1925 – 2025 cent ans d’art Déco.

Beaucoup de monde pour découvrir cette énorme et magnifique exposition qui se répartit sur trois étages au Musée des Arts Décoratifs jusqu’au 26 avril. L’exposition de 1925 avait attiré 15 millions de visiteurs. Bijoux de Cartier, Boucheron; verreries de Gallé, Daum, Lalique; meubles de Ruhlmann, Guimard, Iribe, Gray; affiches de Mucha; robes de Vionnet, Patou, Lanvin, Poiret; textiles; papiers peints et wagons-lits reconstitués montrent toute l’excellence des artistes et artisans français.

Otobong Nkanga.

J’ai profité d’être au musée d’Art Moderne pour observer l’œuvre de cette artiste nigériane qui m’a paru intéressante mais plus hermétique. Elle utilise des textiles, des photographies, des sculptures, des céramiques, des bois, des végétaux qu’elle transforme. Jusqu’au 22 février.

Georges Condo.

J’ai découvert et adoré au musée d’Art Moderne une importante exposition autour des cycles et thématiques de ce peintre, dessinateur et sculpteur américain. Son rapport avec l’histoire de l’art, le traitement de la figure humaine et le lien avec l’abstraction. Il a tout exploré : le choix des médiums, les styles grâce à sa culture éclectique. Vous devez prendre votre temps pour observer la richesse et diversité de son œuvre, jusqu’au 8 février.

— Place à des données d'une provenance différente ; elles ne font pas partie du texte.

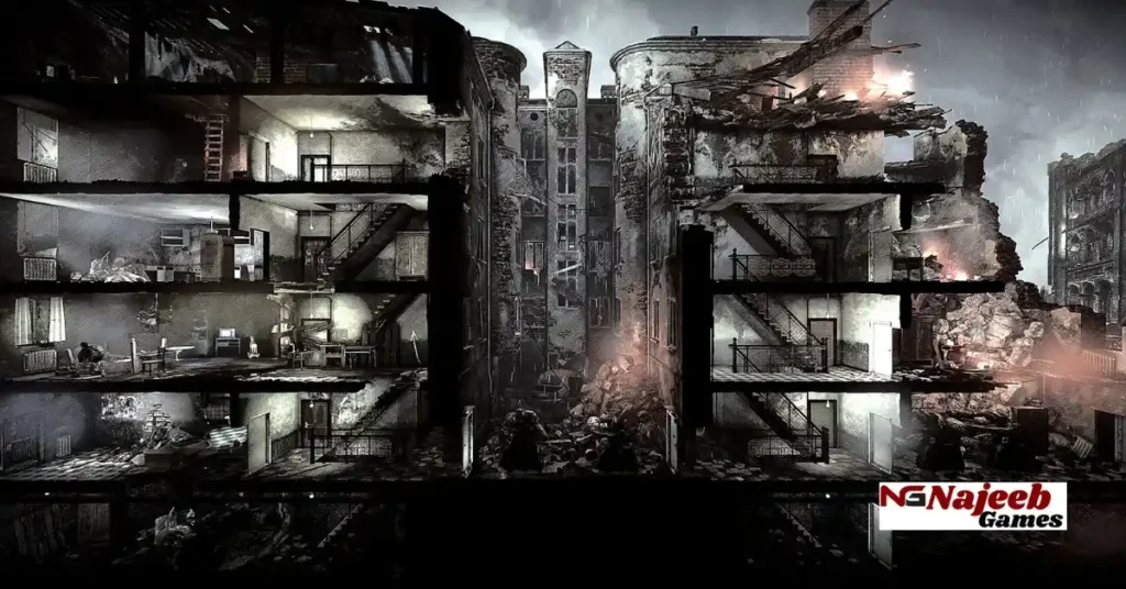 This War of Mine features a dark, hand-drawn visual style that reflects the grim atmosphere of a city destroyed by war. The environments are detailed yet minimalistic, showing broken buildings, damaged streets, and abandoned homes.

Le misanthrope de Molière.

Ces alexandrins dits par les excellents Éric Elmosnino : Alceste, Mélodie Richard : Célimène, Astrid Bas : Arsinoé, François Marthouret : Philinthe sont toujours d’actualité. Quel plaisir d’entendre et de voir ou de les revoir dans cette belle mise en scène classique de Georges Lavaudant. C’est au théâtre de l’Athénée- Louis Jouvet jusqu’au 25 janvier. Pour tous

Rêveries de pierres. Poésie et minéraux de Roger Caillois.

Cet érudit collectionneur a constitué entre 1952 et 1978 une collection remarquable et remarquée de plus mille minéraux tout en écrivant des textes prônant l’élévation de l’esprit vers le divin à travers la pierre. Les calcédoines : agathe, onyx, quartz, les calcaires à dendrites font rêver. Ne manquez pas de les découvrir à l’Ecole des Arts Joailliers jusqu’au 29 mars.

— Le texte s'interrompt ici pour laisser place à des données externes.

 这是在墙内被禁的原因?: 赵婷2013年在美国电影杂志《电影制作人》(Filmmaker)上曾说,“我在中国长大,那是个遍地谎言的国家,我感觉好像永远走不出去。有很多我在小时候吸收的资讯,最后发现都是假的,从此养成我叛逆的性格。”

Écorces, Polar forestier d’Alice Carré.

Inspirée par l’héritage de parcelles de forêts reçu au décès de son père, Alice Carré découvre ce monde rural et la lutte des écologistes pour la préservation des forêts primaires. Elle confie à 6 excellents comédiens qui passent d’un rôle à l’autre, de narrer son histoire sous forme d’enquête. La large scène du théâtre de la Cité Universitaire accueille parfaitement l’intérieur des bureaux/commissariat et l’extérieur des forêts/lac/hôtel. Quelques longueurs et répétitions pour ce sujet à l’ordre du jour, à voir jusqu’au 24 janvier.

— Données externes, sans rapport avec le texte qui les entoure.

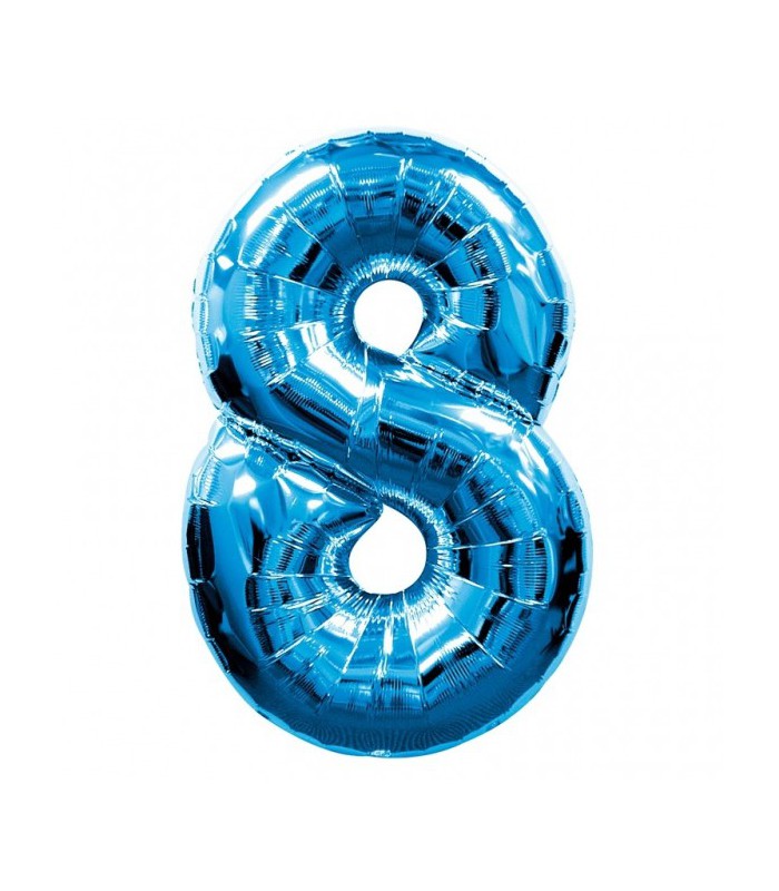 Ballon Mylar "Super Shape" bleu métallisé qui décorera votre salle tout en indiquant avec style le chiffre 8!

Homère Kebab de Benoît Lepecq.

J’ai aimé l’odyssée narrée avec talent par l’acteur Melki Izzouzi. Un monologue d’un migrant, ancien footballeur algérien contraint à l’exil qui cherche à joindre l’Angleterre. À écouter avec bienveillance ces moments tristes ou gais, toujours émouvants au théâtre La Flèche, les mercredis à 19h, jusqu’au 11 mars.

Gerhard Richter.

L’exposition réunit la plupart des œuvres majeures du peintre. Elle couvre six décennies des années 70 à 2025; une salle, une décennie. Le peintre a exploré tous les genres traditionnels : portrait, paysage, nature morte et tous les médiums possibles. Ses portraits sont tellement ressemblants qu’on dirait des photos. Quel éclectisme ! À voir absolument pour découvrir toute l’étendue de son talent à la Fondation Vuitton jusqu’au 2 mars.